Due to our historical relationship with Sara Lee, there are several contracts under which Sara Lee has guaranteed certain third-party obligations for several of our entities. Typically, these obligations arise as a result of contracts entered into by our entities and authorized by Sara Lee, under which Sara Lee agrees to indemnify a third-party against losses arising from a breach of representations and covenants related to such matters as title to assets sold, the collectibility of receivables, specified environmental matters, lease obligations assumed and certain tax matters. In each of these circumstances, payment by Sara Lee is conditioned on the other party making a claim pursuant to the procedures specified in the contract. These procedures allow Sara Lee to challenge the other party’s claims. In addition, Sara Lee’s obligations under these agreements may be limited in terms of time and/or amount, and in some cases Sara Lee or the related entities may have recourse against third-parties for certain payments made by Sara Lee. It is not possible to predict the maximum potential amount of future payments under certain of these agreements, due to the conditional nature of Sara Lee’s obligations and the unique facts and circumstances involved in each particular agreement. Historically, payments made by Sara Lee under these agreements have not been material, and no amounts are accrued for these items on our Combined and Consolidated Balance Sheets.

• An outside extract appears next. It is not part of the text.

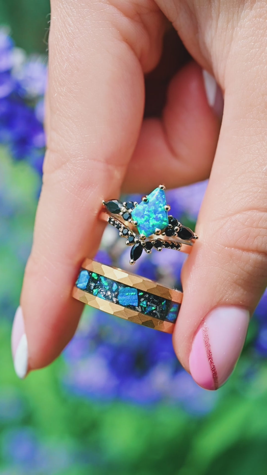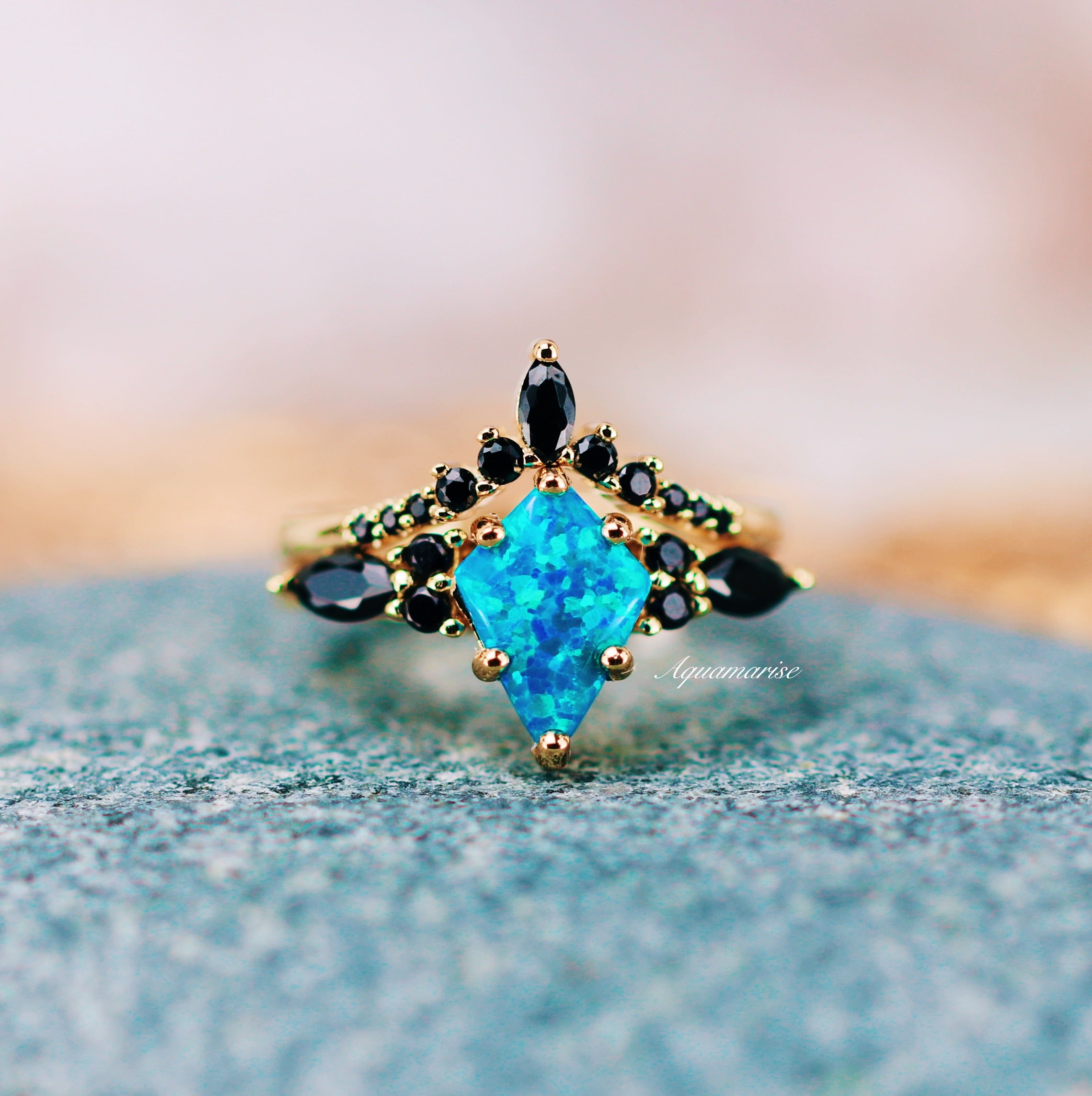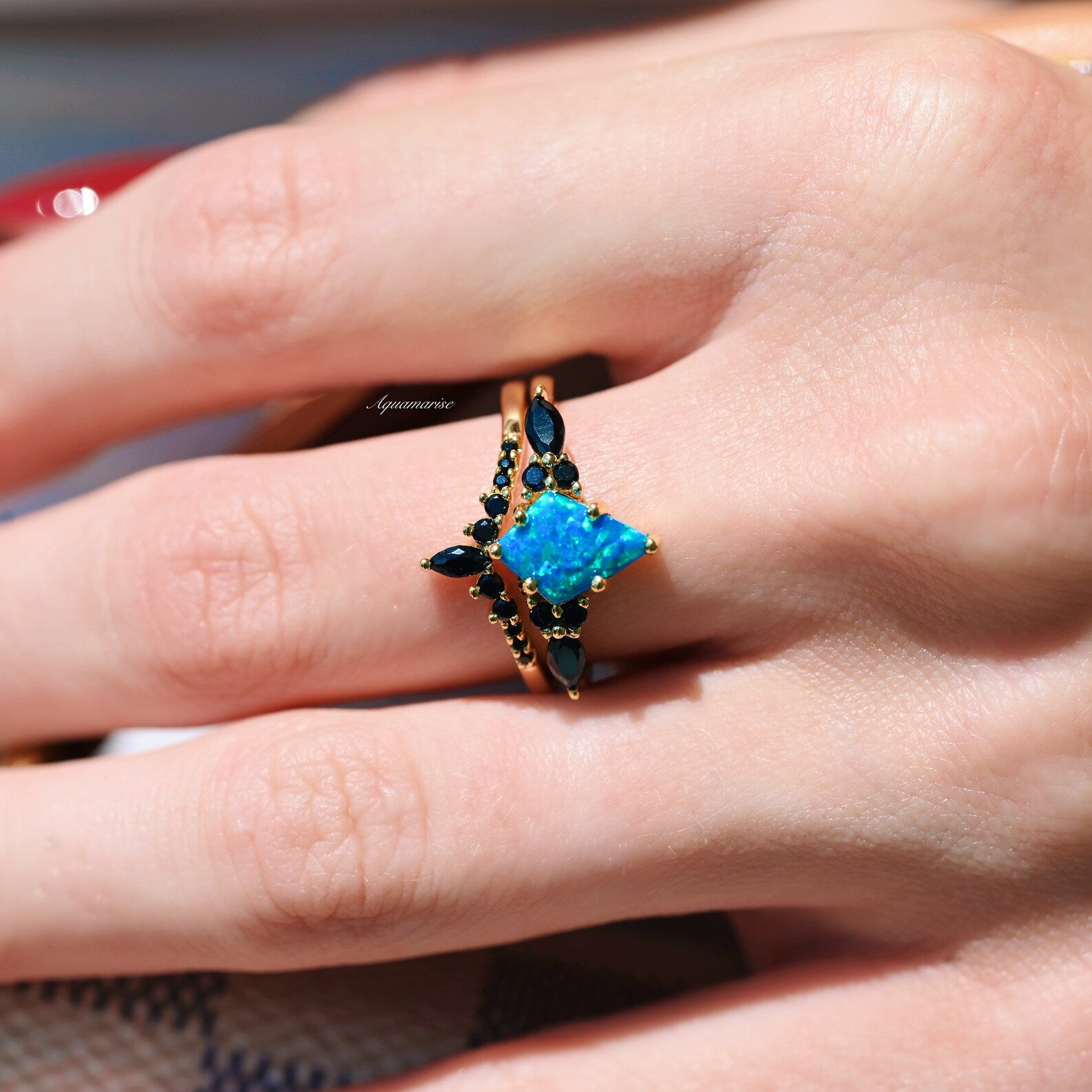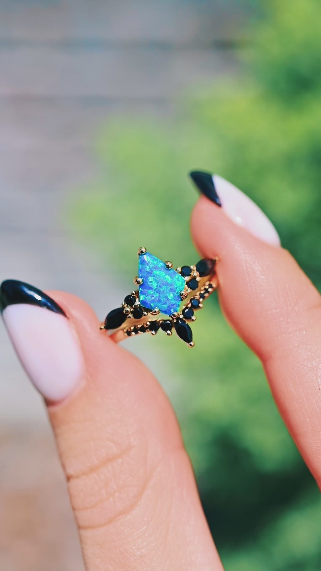 Immerse yourself in the enchanting allure of our Skye Blue Fire Opal & Black Onyx Ring (black diamond) Set, meticulously crafted to captivate the hearts of discerning women. Fashioned in luxurious 14K yellow gold vermeil, this engagement ring exudes a timeless elegance and sophistication.

As of July 2, 2005, these contracts included the guarantee of credit limits with third-party banks, and guarantees over supplier purchases. We had not guaranteed or undertaken any obligation on behalf of Sara Lee or any other related entities as of April 1, 2006.

Quantitative and Qualitative Disclosure About Market Risk

We are exposed to market risk from changes in foreign exchange rates, interest rates and commodity prices. Historically, Sara Lee has maintained risk management control systems on our behalf to monitor the foreign exchange, interest rate and commodities risks and Sara Lee’s offsetting hedge position. Sara Lee’s risk management control system uses analytical techniques including market value, sensitivity analysis and value at risk estimations.

Foreign Exchange Risk

Our exposure to foreign exchange rates exists primarily with respect to the Canadian dollar, Mexican peso, and Japanese yen against the U.S. dollar. Following the spin off, we intend to continue Sara Lee’s policy of using foreign exchange forward and option contracts to hedge our exposure to adverse changes in foreign exchange rates. A sensitivity analysis technique has been used to evaluate the effect that changes in the market value of foreign exchange currencies will have on our forward and option contracts. At the end of fiscal 2004 and fiscal 2005 and as of April 1, 2006, the potential change in fair value of these instruments, assuming a 10% change in the underlying currency price, was $6.1 million, $6.4 million and $6.3 million, respectively.

Interest Rates

Our historic interest rate exposure primarily relates to intercompany loans or other amounts due to or from Sara Lee, cash balances (positive or negative) in foreign cash pool accounts which we have maintained with Sara Lee in the past, and cash held in short-term investment accounts outside of the United States. We have not historically used financial instruments to address our exposure to interest rate movements.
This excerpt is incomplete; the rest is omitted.